File permissions: "-rw-rw-rw-"-"-r-xr-x--x" = "--w--w--rw-" =226 (no X on file X-bit, no cancellation)

Directory permissions: "-RWXRWXRWX"-"-r-xr-x--x" = "--w--w--rw-" =226 (the X-bit of the directory has x, can be canceled directly)

Continue with the previous example to verify:

[[Email protected]oldboy]# umask 333

The Umask value is 333, and the corresponding permission is-WX-WX-WX, which means that all files and directories are removed-WX-WX-WX permissions in the permission.

File permissions: "-rw-rw-rw-"-"-wx-wx-wx" = "-r--r--r--" =444 (no X on file X-bit, no cancellation)

Directory permissions: "-RWXRWXRWX"-"-wx-wx-wx" = "-r--r--r--" =444 (the X-bit of the directory has x, can be canceled directly)

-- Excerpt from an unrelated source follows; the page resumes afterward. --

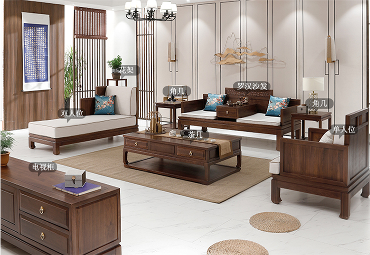 產品風格: 新中式產品型號: SF--011產品主材: 北方落梁老榆木/北美進口黑胡桃木產品尺寸: 羅漢床:210x80x92cm,貴妃位:180x80x96cm,單人位:80x80x96cm,茶幾:140x80x45cm,角幾:50x50x60cm,花幾:35x35x110cm

1.4.3 by binary method (binary conversion software)

0022

0 2 2

----------#→ octal Conversion binary

0 10 10

Description: Converts the Umask value eight binary into binary

6 6 6

------------#→ octal Conversion binary

110 110 110

Description: Converts the file default maximum permission value eight to binary

0 10 10 #→umask Binary

-------------#→ and arithmetic

110 110 110 #→ file maximum permissions binary

-------------

000 010 010

-------------#→ convert octal

0 2 2

Note: The last obtained value is 022, then 666 minus 022, then the file creation permission is 644

[[Email protected]oldboy]# umask 551

[[Email protected]oldboy]# umask

0551

5 5 1

-------------#→ Conversion Binary

101 101 001 #→umask Binary

-------------#→ and arithmetic

110 110 110 #→ file maximum permissions binary

-------------

100 100 000

-------------#→ convert octal

4 4 0

Note: The last value obtained is 440, then 666 minus 440, then the file creation permission is 226.

1.5 Description of permissions between Enterprise Servers

The relationship between Umask value and file and directory permissions in Linux

Contact Us

The content source of this page is from Internet, which doesn't represent Alibaba Cloud's opinion; products and services mentioned on that page don't have any relationship with Alibaba Cloud. If the content of the page makes you feel confusing, please write us an email, we will handle the problem within 5 days after receiving your email.

If you find any instances of plagiarism from the community, please send an email to: info-contact@alibabacloud.com and provide relevant evidence. A staff member will contact you within 5 working days.

A Free Trial That Lets You Build Big!

Start building with 50+ products and up to 12 months usage for Elastic Compute Service

  • Sales Support

    1 on 1 presale consultation

  • After-Sales Support

    24/7 Technical Support 6 Free Tickets per Quarter Faster Response

  • Alibaba Cloud offers highly flexible support services tailored to meet your exact needs.